By Paperstone on February 1, 2010 in Catering

Radioactive jugs

National Geographic reports new research on radioactive ceramic water jars marketed to the U.S. public as a health boon in the early 1900s. Before exposure to radioactivity was shown to cause havoc with the body’s cells in the 1930s, radioactivity was perceived to be good for health and was popularly marketed as such. Even up to the Second World War, some toothpastes and face creams were manufactured which contained radium. Because of the luminescent properties of radium, these actually caused the face and teeth to glow.

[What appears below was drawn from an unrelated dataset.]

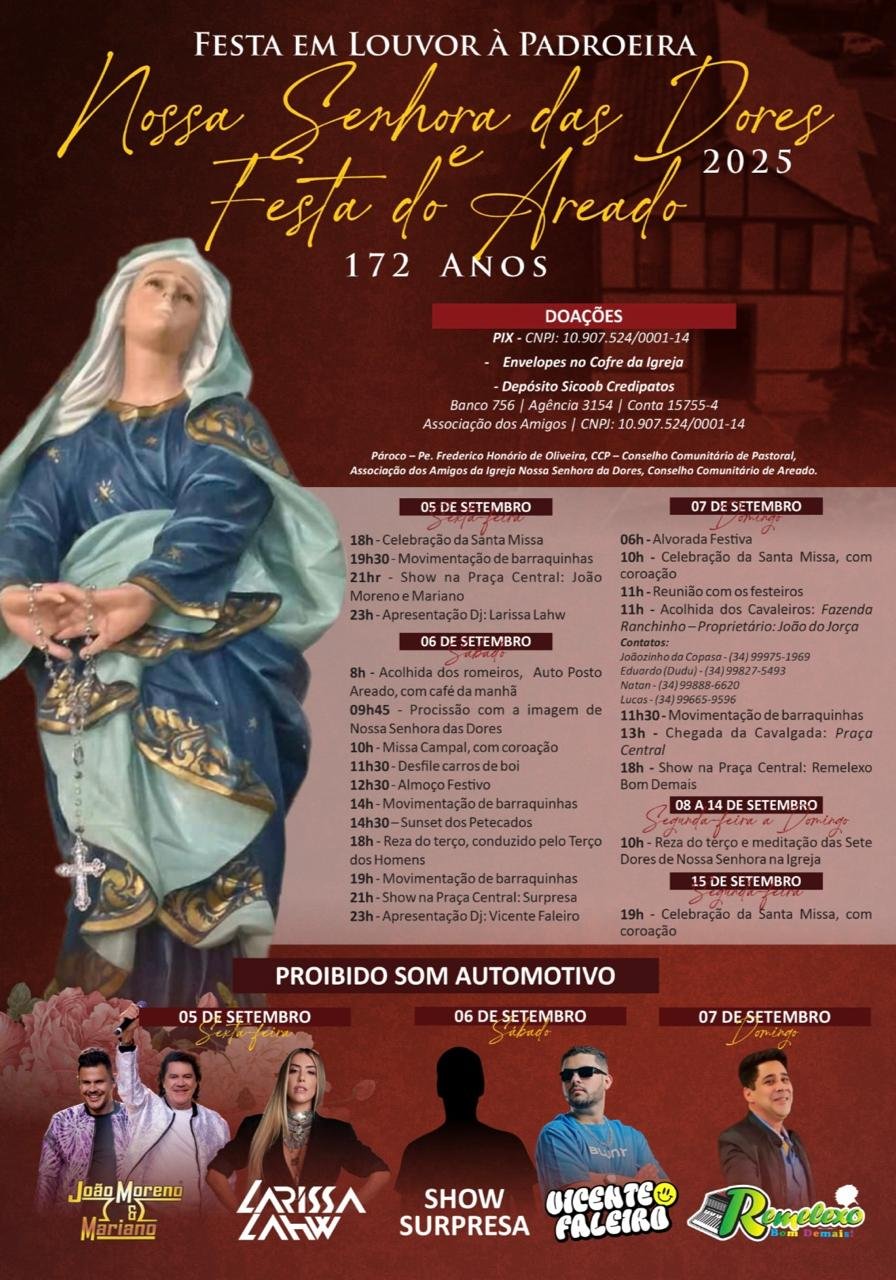 A comunidade do Areado já se prepara para viver momentos de alegria e tradição com a Festa do Areado, que celebra os 172 anos da comunidade em louvor a Nossa Senhora das Dores e acontece nos dias 5, 6 e 7 de setembro de 2025. O evento promete agitar a região com uma programação diversificada, unindo música, cultura e confraternização.

The manufacturers of the Radium Ore Revigator water jars recommended leaving water in the jugs to recover “the lost element of original freshness – radioactivity.” However, radioactivity wasn’t the only problem. Researchers have now found that the uranium-ore lining also contributed surprising amounts of arsenic and lead to any liquid left in the jugs.

A person following the Revigator company’s advice to “drink freely when thirsty and upon arising and retiring” would have been exposed to radiation and arsenic dramatically above modern recommendation levels.

“Silly, delightful people of yore!” we might think.

But, as the study leader Michael Epstein, an analytic chemist at Mount St. Mary’s University in Emmitsburg, Maryland, pointed out, we may be doing the same thing now with substances whose side-effects we don’t yet know about.

“The world doesn’t change,” he said. “We’re always looking for something to make our lives better – and sometimes we make mistakes.”